• _Exercise aim_
An exact copy of the lines of the listing below between the "Jordi Planes posando" line and the "Деревенские лакомства корм" line, both included, is the whole answer; please omit the pictures.

• _Task material_

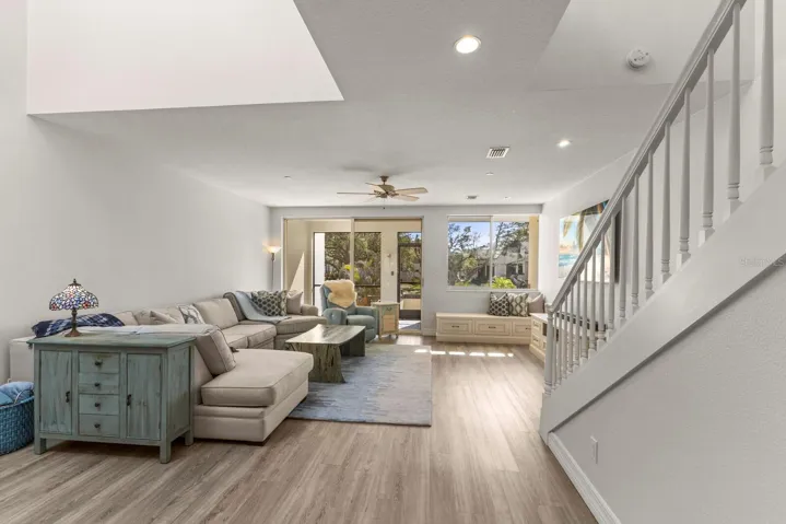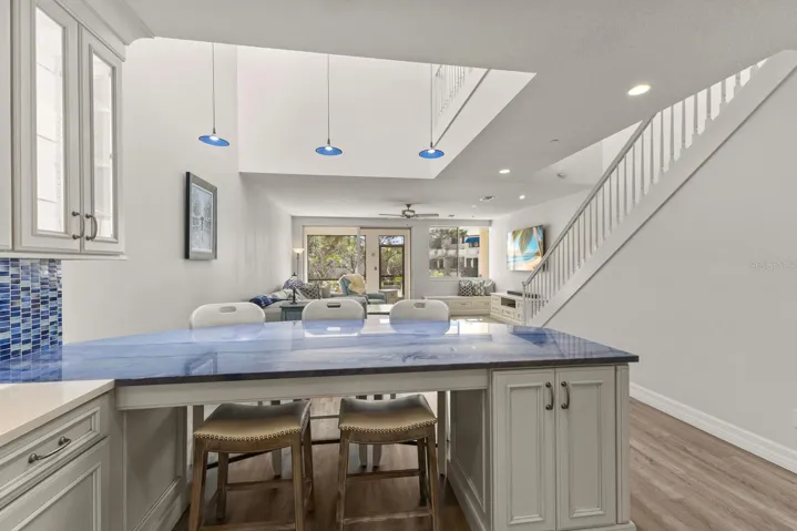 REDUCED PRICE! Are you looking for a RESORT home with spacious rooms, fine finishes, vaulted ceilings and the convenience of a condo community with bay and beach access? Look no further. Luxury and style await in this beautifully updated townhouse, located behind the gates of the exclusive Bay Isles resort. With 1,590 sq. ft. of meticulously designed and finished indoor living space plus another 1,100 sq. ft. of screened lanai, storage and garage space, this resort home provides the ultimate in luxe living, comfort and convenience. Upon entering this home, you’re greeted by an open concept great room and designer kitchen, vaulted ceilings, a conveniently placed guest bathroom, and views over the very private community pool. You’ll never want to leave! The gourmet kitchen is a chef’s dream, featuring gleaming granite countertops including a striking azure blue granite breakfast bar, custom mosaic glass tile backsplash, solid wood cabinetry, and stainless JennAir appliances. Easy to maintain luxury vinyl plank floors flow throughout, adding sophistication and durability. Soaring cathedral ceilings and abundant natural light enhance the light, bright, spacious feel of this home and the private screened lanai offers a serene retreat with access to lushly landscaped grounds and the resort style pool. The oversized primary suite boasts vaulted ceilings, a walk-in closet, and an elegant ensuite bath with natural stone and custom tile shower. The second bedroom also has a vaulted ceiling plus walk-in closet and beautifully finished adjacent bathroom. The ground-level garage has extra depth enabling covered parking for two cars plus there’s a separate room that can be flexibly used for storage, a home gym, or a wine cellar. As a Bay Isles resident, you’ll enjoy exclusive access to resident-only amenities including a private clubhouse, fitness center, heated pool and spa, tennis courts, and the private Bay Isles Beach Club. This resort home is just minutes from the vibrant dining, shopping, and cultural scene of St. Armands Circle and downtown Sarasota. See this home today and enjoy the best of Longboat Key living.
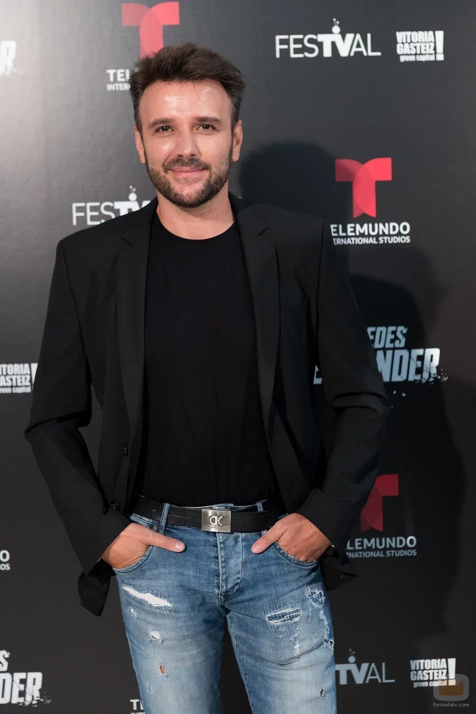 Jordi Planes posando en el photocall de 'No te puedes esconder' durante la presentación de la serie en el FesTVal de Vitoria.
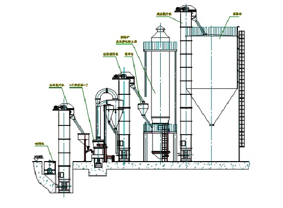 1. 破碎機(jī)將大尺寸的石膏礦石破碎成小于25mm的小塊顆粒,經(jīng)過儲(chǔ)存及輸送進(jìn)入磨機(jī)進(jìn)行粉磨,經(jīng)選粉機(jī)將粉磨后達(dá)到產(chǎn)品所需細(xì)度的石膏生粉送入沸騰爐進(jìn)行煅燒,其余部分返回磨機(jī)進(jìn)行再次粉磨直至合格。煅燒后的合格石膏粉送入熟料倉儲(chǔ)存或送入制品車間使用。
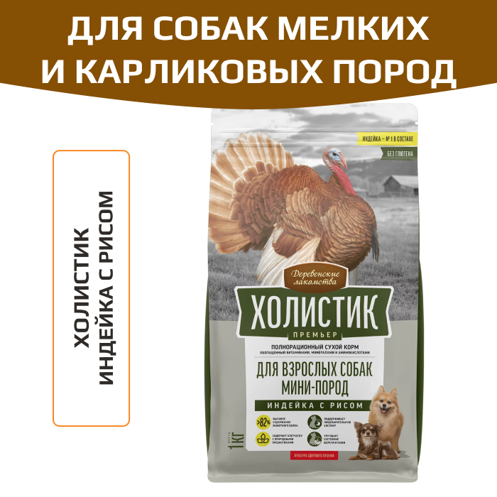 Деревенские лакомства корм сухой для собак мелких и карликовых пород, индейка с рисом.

---

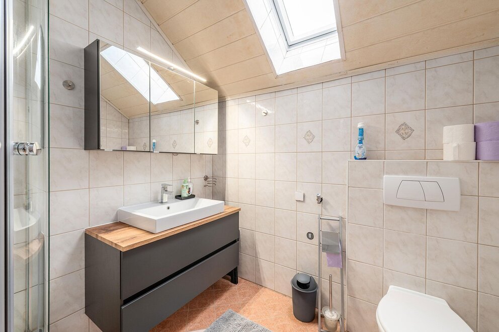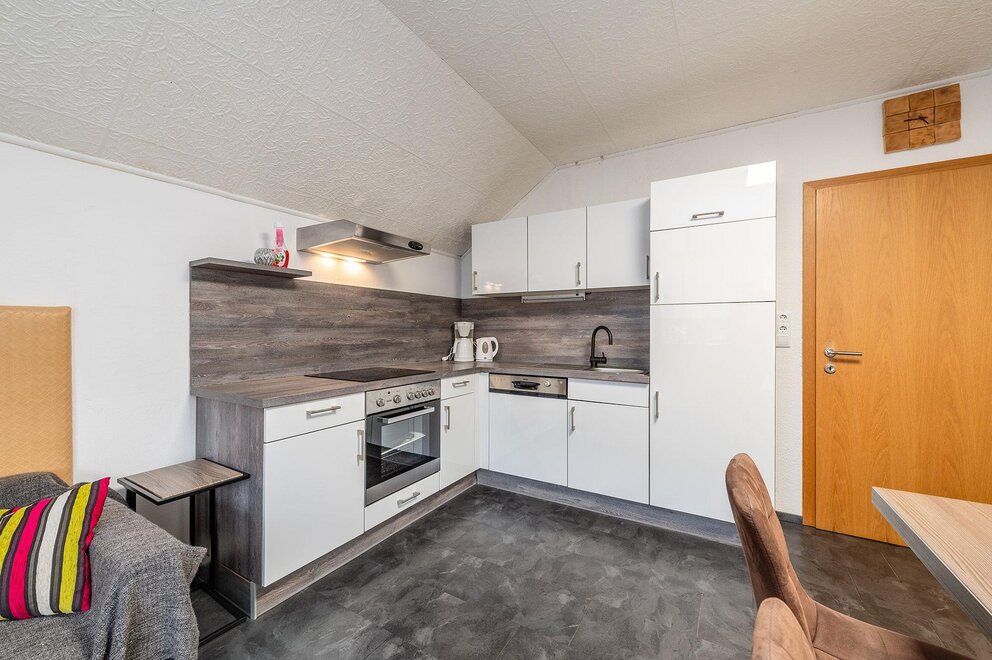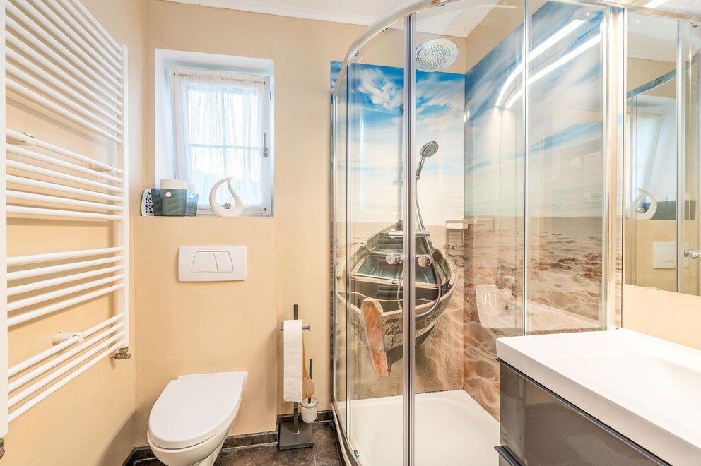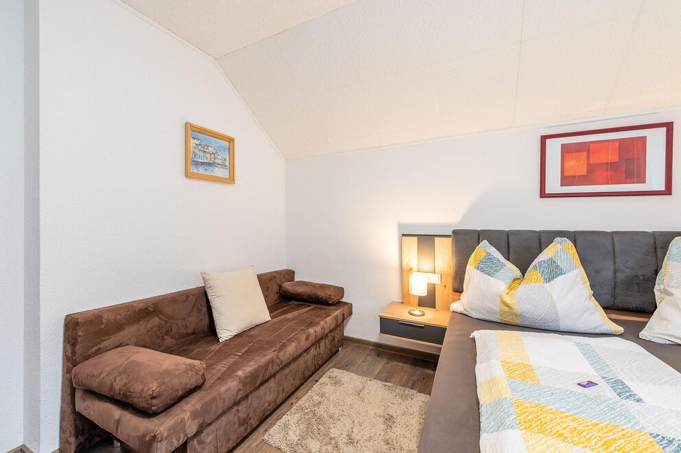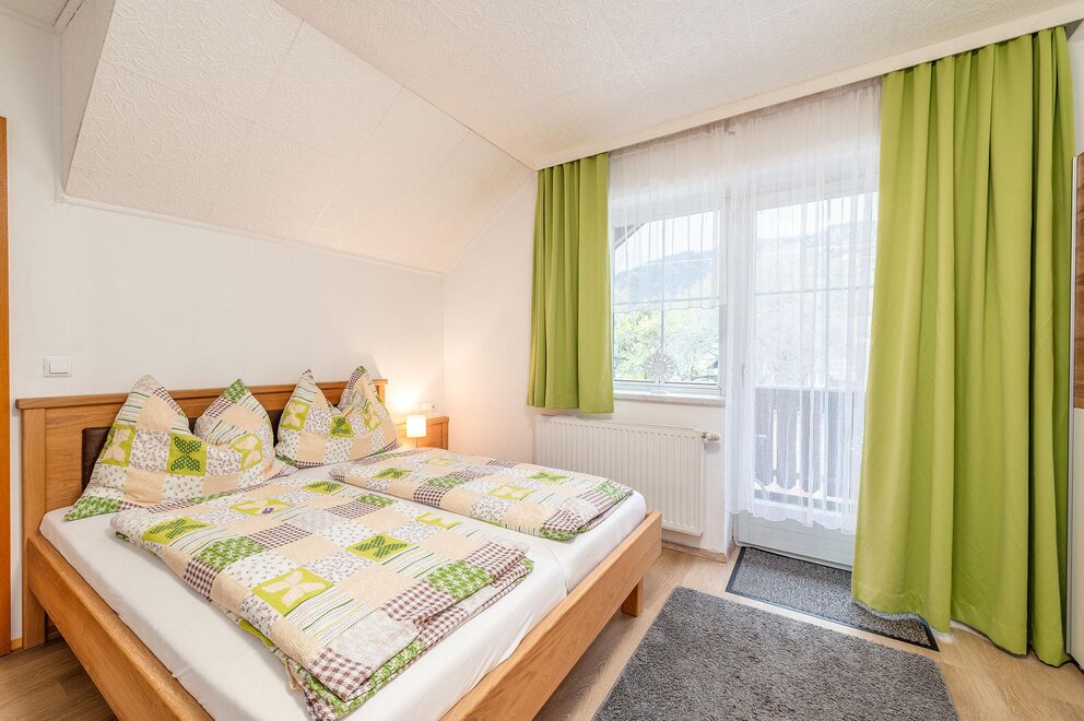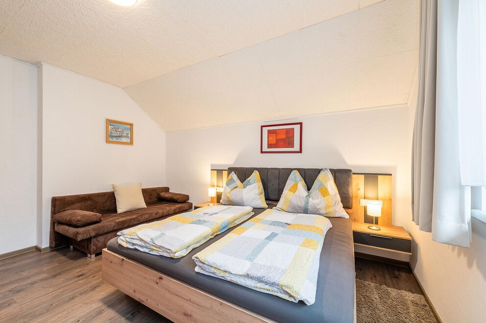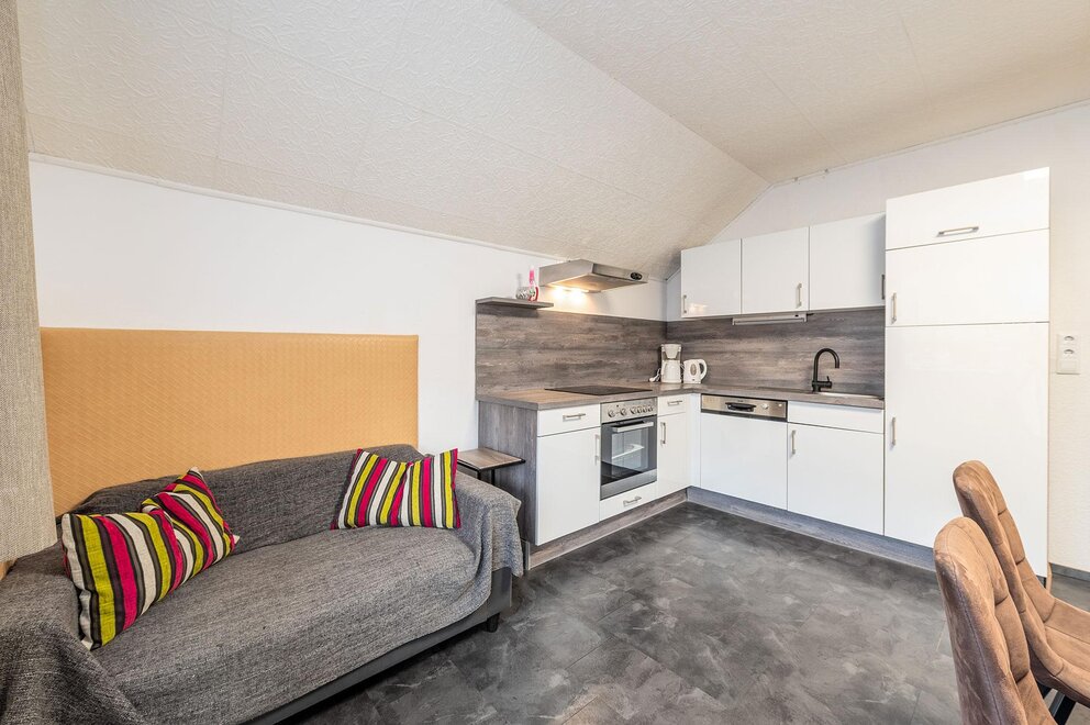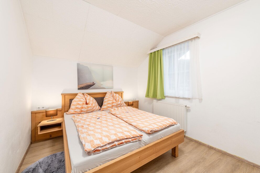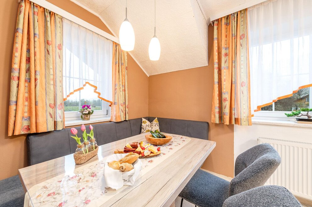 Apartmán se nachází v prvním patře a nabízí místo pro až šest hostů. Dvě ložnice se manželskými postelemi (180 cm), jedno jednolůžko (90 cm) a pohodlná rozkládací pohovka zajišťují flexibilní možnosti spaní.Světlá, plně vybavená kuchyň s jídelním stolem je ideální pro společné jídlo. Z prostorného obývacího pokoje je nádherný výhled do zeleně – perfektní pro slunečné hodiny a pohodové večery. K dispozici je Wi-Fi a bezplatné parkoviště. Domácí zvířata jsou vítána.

• _Output_
 Jordi Planes posando en el photocall de 'No te puedes esconder' durante la presentación de la serie en el FesTVal de Vitoria.
 1. 破碎機(jī)將大尺寸的石膏礦石破碎成小于25mm的小塊顆粒,經(jīng)過儲(chǔ)存及輸送進(jìn)入磨機(jī)進(jìn)行粉磨,經(jīng)選粉機(jī)將粉磨后達(dá)到產(chǎn)品所需細(xì)度的石膏生粉送入沸騰爐進(jìn)行煅燒,其余部分返回磨機(jī)進(jìn)行再次粉磨直至合格。煅燒后的合格石膏粉送入熟料倉儲(chǔ)存或送入制品車間使用。
 Деревенские лакомства корм сухой для собак мелких и карликовых пород, индейка с рисом.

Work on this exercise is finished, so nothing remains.